2D PFG-SE ¹⁵N-¹H HSQC spectra obtained for calbindin D_9k together with traces at 114.1 ppm (upper) and 123.0 ppm (lower). a–b G5 = G6 = 0; c–d G5 = G6 = 35.4 G/cm; e–f G5 = 35.4 G/cm, G6 = 7.1 G/cm. The sample was contained in a Shigemi microcell

Figure 4 was obtained using experiments recorded with a 1.5 ms REBURP pulse (peak power 4.2 kHz) in the first reverse INEPT transfers. When G5 = G6 = 0 artifacts are still seen, as predicted by the simulations (Fig. 2e), indicating that wide band refocusing and/or inversion with this pulse does not eliminate artifacts sufficiently. However, with the same gradient setting as used for Fig. 3e/f, phase errors were no longer detectable.

Fig. 4

2D PFG-SE ¹⁵N-¹H HSQC spectra obtained for calbindin D_9k using a REBURP refocusing/inversion pulse, together with traces at 114.1 ppm (upper) and 123.0 ppm (lower). a–b G5 = G6 = 0 G/cm; c–d G5 = 35.4 G/cm, G6 = 7.1 G/cm

For purpose of illustration of the efficacy of artifact suppression using gradient pulses, Fig. 5 shows PFG-SE ¹⁵N-¹H HSQC spectra obtained for calbindin D_9k when the carrier is deliberately placed off-resonance by 2.0 kHz relative to the value used to obtain Fig. 3 (119 ppm).
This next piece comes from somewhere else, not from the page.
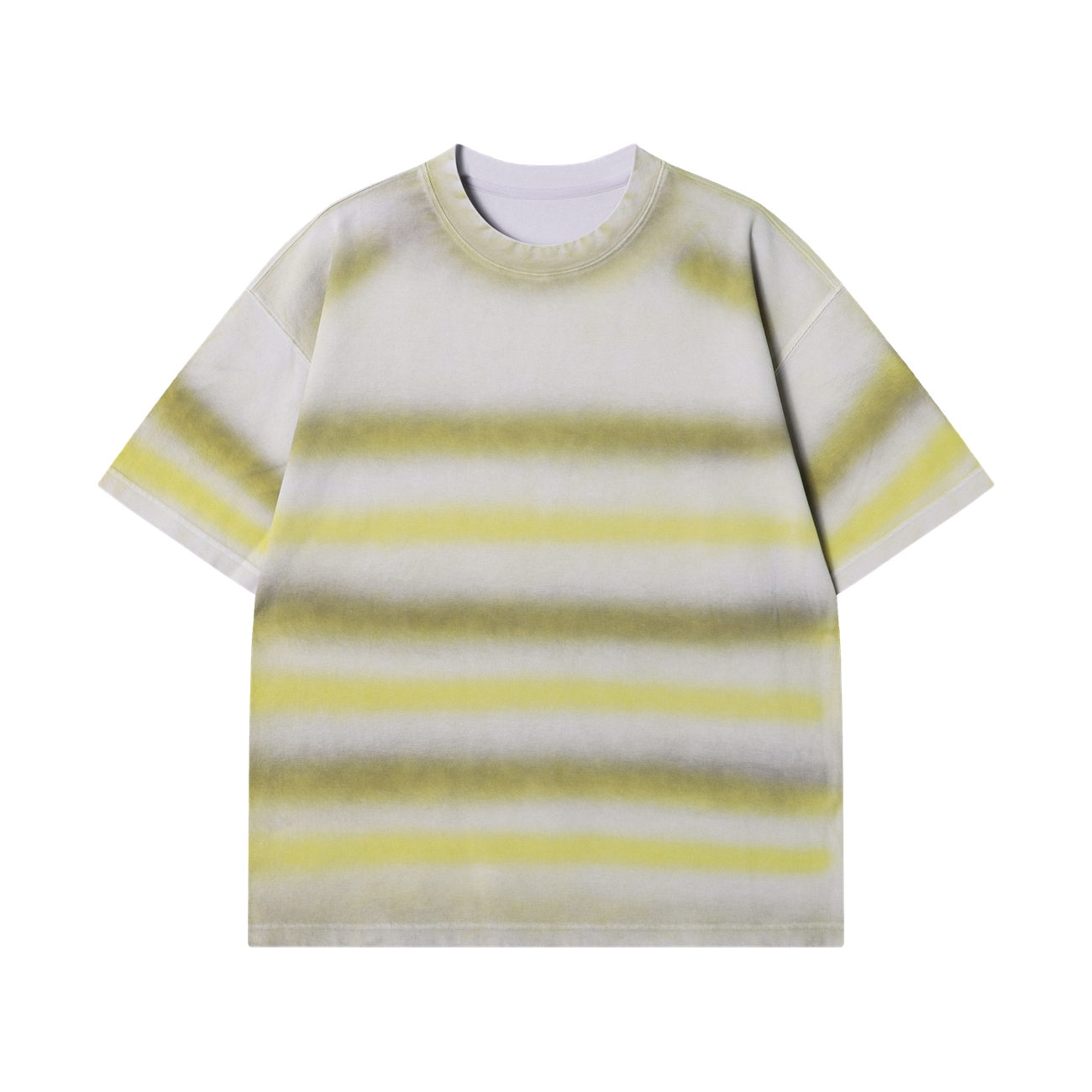67378夏季高级感新款美式撞色晕染横纹圆领短袖T恤休闲百搭宽松上衣

In panel (a) a phase difference of 72 degrees was observed for G5 = G6 = 0. Traces taken along the F₁ frequency dimension at 112.1 ppm (upper) and 121.0 ppm (lower), respectively show the severity of the artifacts in this situation (Fig. 5b). As before, the mixed-phase artifacts can be reduced significantly by setting G5 = G6 = 35.4 G/cm, which eliminates the dominant dispersive artifacts (Fig. 5c/d). In this case a phase difference of 10 degrees remains. Application of the mismatched gradient amplitudes G5 = 35.4 G/cm and G6 = 7.1 G/cm (Fig. 5e/f) removed the remaining dispersive signal, but, as explained in detail above, also eliminated a fraction of absorptive signal. This can be clearly seen by comparison of panels (d) and (f). Unfortunately, REBURP pulses with sufficient band width to avoid these sensitivity losses would require a peak RF amplitude that is unattainable on our probe head (8.4 kHz), but alternative RF pulses could be considered. In many practical cases, however, such as those shown in Fig. 3, Ω_N « ω₁ (i.e., α « 1) only limited signal loss incurs. Nonetheless, undesired CTP amplitudes are not negligible, and phase errors are still observed. In such a situation mixed-phase artifacts can be satisfactorily reduced over a large offset range by pulsed field gradients alone.

Fig. 5

2D PFG-SE ¹⁵N-¹H HSQC spectra obtained for calbindin D_9k with the nitrogen carrier placed 2.0 kHz from the center of the spectrum (119 ppm). Traces are shown at 112.1 ppm (upper) and 121.0 ppm (lower). a–b G5 = G6 = 0 G/cm; c–d G5 = G6 = 35.4 G/cm; e–f G5 = 35.4 G/cm, G6 = 7.1 G/cm

To conclude, in any practical case the strategy to remove the mixed-phase artifacts described in this paper will have to be combined with effective control of the residual water magnetization at the point of acquisition. This is particular germane for cryogenically cooled probes with high quality factors, where efficient non-relaxation mechanisms can perturb the water polarization during the course of the pulse sequence and acquisition of the FID. Therefore, the recipe presented for the elimination of the mixed-phase artifacts may require optimization by the operator to achieve good water suppression in addition. It may well be that achieving good solvent suppression has prevailed in selecting alternative values for the gradients presented in the literature. In connection to this, PFGs G5 and G6 may also be expanded to fill the entire delay Δ in which they are placed. This will improve artifact suppression further, and may also help to prevent undesired effects from radiation damping.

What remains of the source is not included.